By Ali Imran
ISLAMABAD: Finance Minister Shaukat Tarin on Monday hinted at renegotiating an agreement with the International Monetary Fund (IMF), saying that the Fund has committed injustices to them and they will take up matters with them.
Addressing a meeting of the National Assembly’s sub-committee on finance, Shaukat Tarin said that they would take up the matter regarding increase in tariff with the IMF as it could lead to further inflation in the country.
He further lamented that maintaining the interest rate at 13.25 percent was a grave mistake besides also announcing to privatize institutions that the government is unable to run. “The growth rate will improve with the moving economy,” he said while stressing the need to broaden the tax net in the country.
“We could not force people to pay more taxes,” he said. He said that agriculture and industries could improve the country’s economic growth. “Pakistan only spends 0.25 percent of its GDP on the housing sector,” the finance minister said while emphasizing the need to improving the living standard of the public. He said that there was a lack of planning regarding the economy in the country and suggested introducing a comprehensive mechanism for 20 to 30 years for stable economic growth.
Shaukat Tarin shared that 85 percent of the country’s income is spent in nine cities of the country. “What is the fault of people living in Khyber Pakhtunkhwa (KP), Balochistan and South Punjab,” he asked. Last year on September 10th, IMF had asked the Pakistani government to increase the prices of gas and electricity for consumers in order to achieve the tax collection target set for the fiscal year. In a meeting with Pakistani officials, the global lender asked the authorities to decrease the circular debt and electricity losses.
If Islamabad goes ahead with the move then it would add an extra burden on people already suffering due to the economic fallout of the coronavirus pandemic.

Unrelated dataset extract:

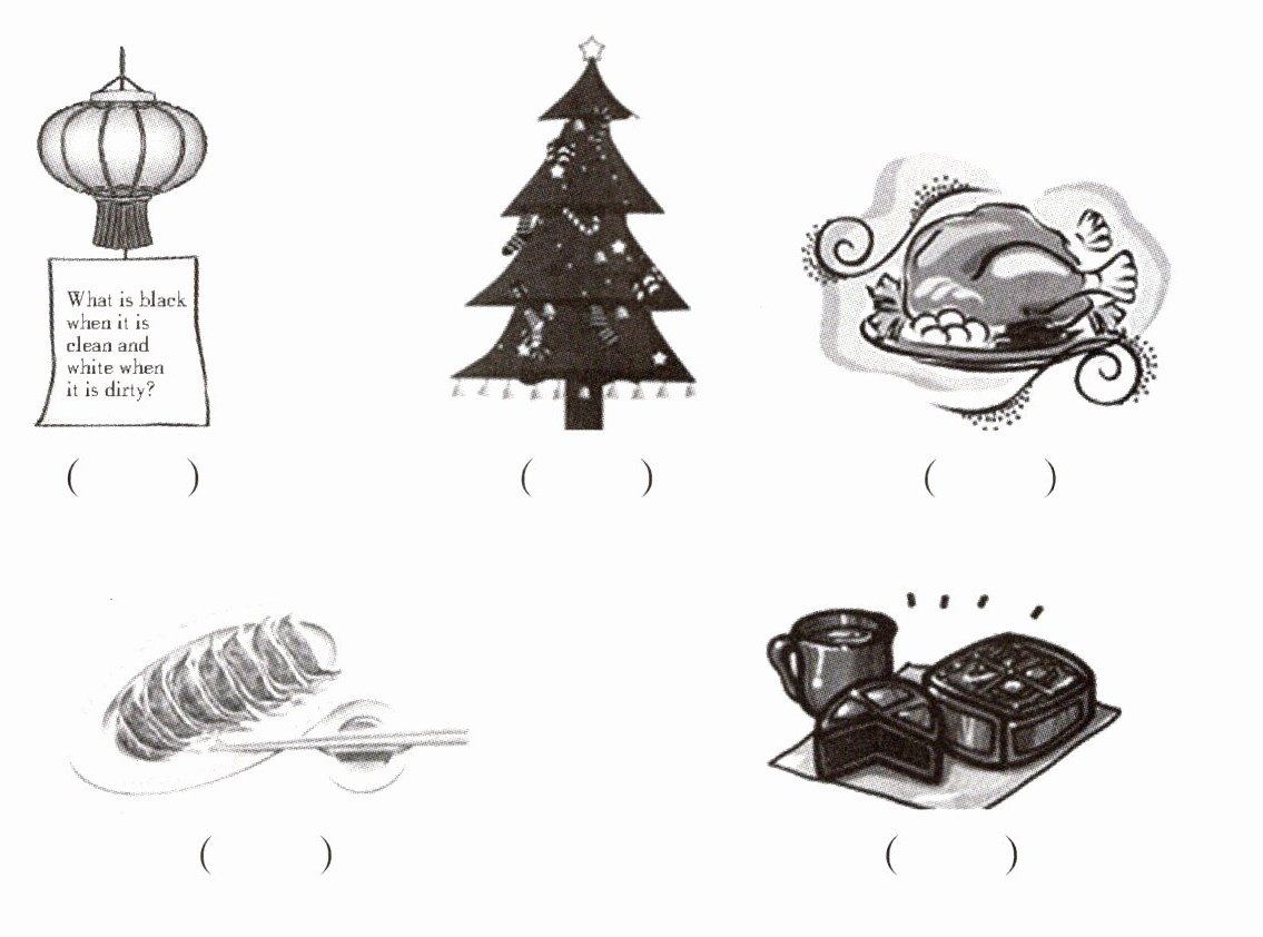 听录音,根据录音在图片下括号里写上相应的数字序号。
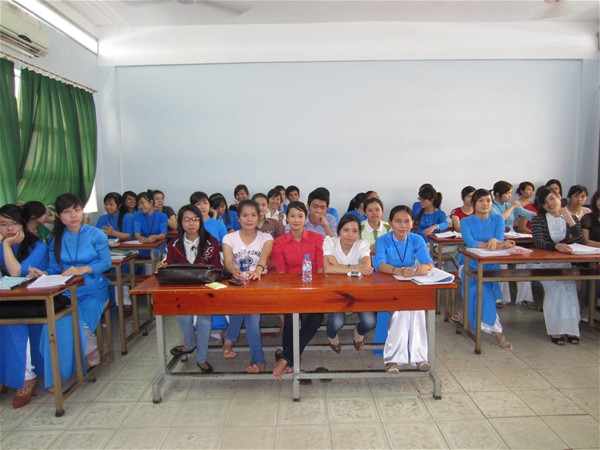 Sinh viên đến tham dự buổi báo cáo buổi chiều

Earlier in September, Prime Minister Imran Khan had rejected a hike in petroleum products for the current month to provide financial relief to the masses amid high food inflation and heavy rains in the country which would incur a Rs17 billion revenue loss to the government. According to report, the IMF also asked the government to allow the National Electric Power Regulatory Authority (Nepra) and Oil and Gas Regulatory Authority (Ogra) to decide the prices of the essential products.
It also urged the government to implement economic and tax reforms and emphasised that tax collection target for the first quarter (July-September) of the ongoing fiscal year must also be achieved.
The IMF asked Pakistan to collect over Rs1,000b in the form of taxes during the said period. Last year, the global lender had approved $6b bailout package for Pakistan under the Extended Fund Facility after the country agreed to enforce flexible exchange rate, enhance taxes and end circular debt.